### GOAL OF THE EXERCISE
From the very first line of the data to the line containing "Die Ferienwohnung befindet", retype everything exactly, leaving the pictures behind.

### DATA
__________________________________________________
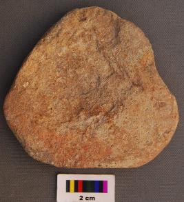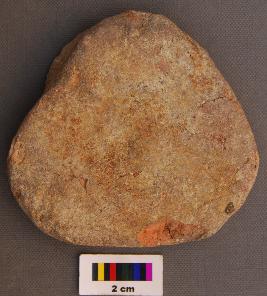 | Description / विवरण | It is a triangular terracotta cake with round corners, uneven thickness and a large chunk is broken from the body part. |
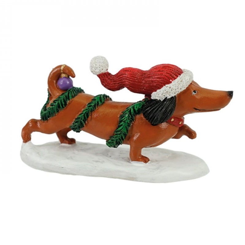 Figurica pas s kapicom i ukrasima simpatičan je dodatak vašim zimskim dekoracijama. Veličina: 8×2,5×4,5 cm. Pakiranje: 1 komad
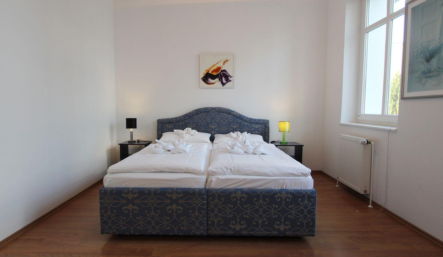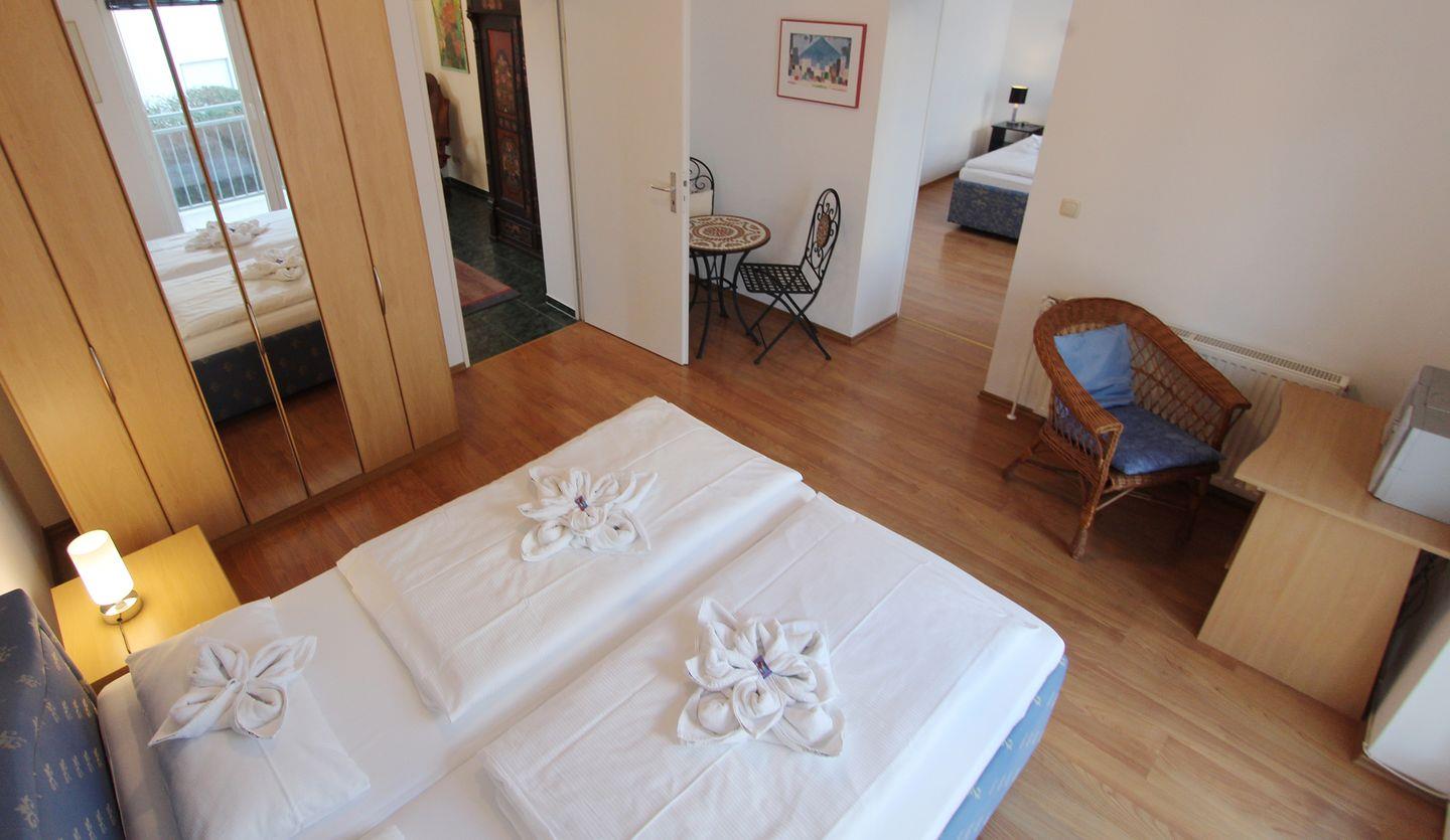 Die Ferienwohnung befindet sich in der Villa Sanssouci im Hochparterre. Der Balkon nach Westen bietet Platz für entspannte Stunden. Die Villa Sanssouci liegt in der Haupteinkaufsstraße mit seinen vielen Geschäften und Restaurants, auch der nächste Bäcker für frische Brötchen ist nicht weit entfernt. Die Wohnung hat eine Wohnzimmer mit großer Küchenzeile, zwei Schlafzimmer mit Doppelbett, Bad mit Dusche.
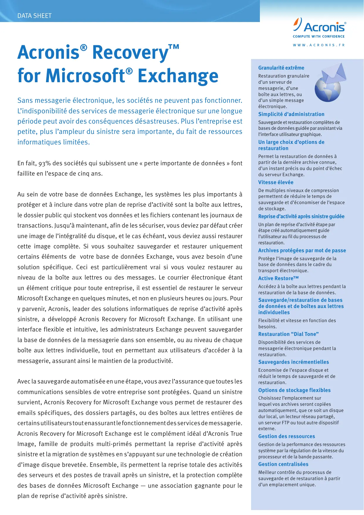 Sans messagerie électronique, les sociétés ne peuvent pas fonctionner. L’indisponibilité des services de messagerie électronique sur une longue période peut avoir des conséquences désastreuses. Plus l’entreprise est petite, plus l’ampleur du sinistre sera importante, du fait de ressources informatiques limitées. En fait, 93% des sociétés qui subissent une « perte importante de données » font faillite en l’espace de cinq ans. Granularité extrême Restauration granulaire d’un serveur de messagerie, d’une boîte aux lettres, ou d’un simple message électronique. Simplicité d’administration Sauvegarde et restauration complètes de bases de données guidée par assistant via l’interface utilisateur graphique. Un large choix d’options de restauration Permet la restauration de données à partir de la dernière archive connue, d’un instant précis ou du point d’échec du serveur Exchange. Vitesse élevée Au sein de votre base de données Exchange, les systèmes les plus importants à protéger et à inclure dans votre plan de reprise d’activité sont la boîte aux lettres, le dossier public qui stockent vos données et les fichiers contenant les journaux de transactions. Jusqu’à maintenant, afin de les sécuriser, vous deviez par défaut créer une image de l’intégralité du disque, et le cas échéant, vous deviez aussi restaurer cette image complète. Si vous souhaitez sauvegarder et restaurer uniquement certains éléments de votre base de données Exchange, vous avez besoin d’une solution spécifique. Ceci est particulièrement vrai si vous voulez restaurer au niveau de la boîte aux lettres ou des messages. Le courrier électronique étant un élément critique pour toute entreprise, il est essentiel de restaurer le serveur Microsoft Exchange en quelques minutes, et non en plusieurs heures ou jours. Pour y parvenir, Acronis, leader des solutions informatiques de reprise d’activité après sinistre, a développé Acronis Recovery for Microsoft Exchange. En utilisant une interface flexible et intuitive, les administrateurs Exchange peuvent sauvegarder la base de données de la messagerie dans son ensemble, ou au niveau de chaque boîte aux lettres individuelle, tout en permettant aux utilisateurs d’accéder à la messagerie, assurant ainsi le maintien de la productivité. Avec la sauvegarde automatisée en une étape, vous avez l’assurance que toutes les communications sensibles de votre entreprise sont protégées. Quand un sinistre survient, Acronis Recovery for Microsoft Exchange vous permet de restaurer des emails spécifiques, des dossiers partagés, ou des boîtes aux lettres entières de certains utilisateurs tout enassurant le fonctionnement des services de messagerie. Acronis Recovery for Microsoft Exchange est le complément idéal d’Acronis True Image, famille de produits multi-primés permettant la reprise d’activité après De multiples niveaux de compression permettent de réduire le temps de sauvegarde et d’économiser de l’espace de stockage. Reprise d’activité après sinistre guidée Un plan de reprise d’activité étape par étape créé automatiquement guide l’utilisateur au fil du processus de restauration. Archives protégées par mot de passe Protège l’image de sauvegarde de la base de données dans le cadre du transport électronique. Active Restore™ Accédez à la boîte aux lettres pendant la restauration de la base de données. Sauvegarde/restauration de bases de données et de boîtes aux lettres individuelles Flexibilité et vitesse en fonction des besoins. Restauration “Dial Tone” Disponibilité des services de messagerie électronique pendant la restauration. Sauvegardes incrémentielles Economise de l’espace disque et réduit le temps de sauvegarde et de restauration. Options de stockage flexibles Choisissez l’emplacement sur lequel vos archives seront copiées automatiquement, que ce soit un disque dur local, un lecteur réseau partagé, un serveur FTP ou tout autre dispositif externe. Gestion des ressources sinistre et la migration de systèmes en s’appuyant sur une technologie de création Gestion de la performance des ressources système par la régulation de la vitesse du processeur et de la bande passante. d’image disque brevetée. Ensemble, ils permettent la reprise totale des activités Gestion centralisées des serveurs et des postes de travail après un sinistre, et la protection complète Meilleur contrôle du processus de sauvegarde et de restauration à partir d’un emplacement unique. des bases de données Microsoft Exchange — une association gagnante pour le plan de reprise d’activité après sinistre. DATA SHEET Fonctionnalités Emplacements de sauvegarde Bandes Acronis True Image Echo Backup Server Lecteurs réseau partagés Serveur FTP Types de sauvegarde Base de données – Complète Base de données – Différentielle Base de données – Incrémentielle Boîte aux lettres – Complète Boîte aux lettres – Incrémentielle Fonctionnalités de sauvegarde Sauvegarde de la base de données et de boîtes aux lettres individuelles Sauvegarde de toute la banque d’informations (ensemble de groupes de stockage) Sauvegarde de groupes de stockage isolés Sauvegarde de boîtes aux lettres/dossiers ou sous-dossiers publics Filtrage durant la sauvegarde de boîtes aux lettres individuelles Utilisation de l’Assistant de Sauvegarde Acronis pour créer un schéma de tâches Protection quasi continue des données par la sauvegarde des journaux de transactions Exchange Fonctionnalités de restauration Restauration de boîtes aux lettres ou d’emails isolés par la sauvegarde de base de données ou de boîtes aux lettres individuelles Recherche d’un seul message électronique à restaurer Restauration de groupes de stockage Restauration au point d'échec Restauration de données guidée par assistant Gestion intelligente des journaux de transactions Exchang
__________________________________________________
### THE ANSWER
 | Description / विवरण | It is a triangular terracotta cake with round corners, uneven thickness and a large chunk is broken from the body part. |
 Figurica pas s kapicom i ukrasima simpatičan je dodatak vašim zimskim dekoracijama. Veličina: 8×2,5×4,5 cm. Pakiranje: 1 komad
 Die Ferienwohnung befindet sich in der Villa Sanssouci im Hochparterre. Der Balkon nach Westen bietet Platz für entspannte Stunden. Die Villa Sanssouci liegt in der Haupteinkaufsstraße mit seinen vielen Geschäften und Restaurants, auch der nächste Bäcker für frische Brötchen ist nicht weit entfernt. Die Wohnung hat eine Wohnzimmer mit großer Küchenzeile, zwei Schlafzimmer mit Doppelbett, Bad mit Dusche.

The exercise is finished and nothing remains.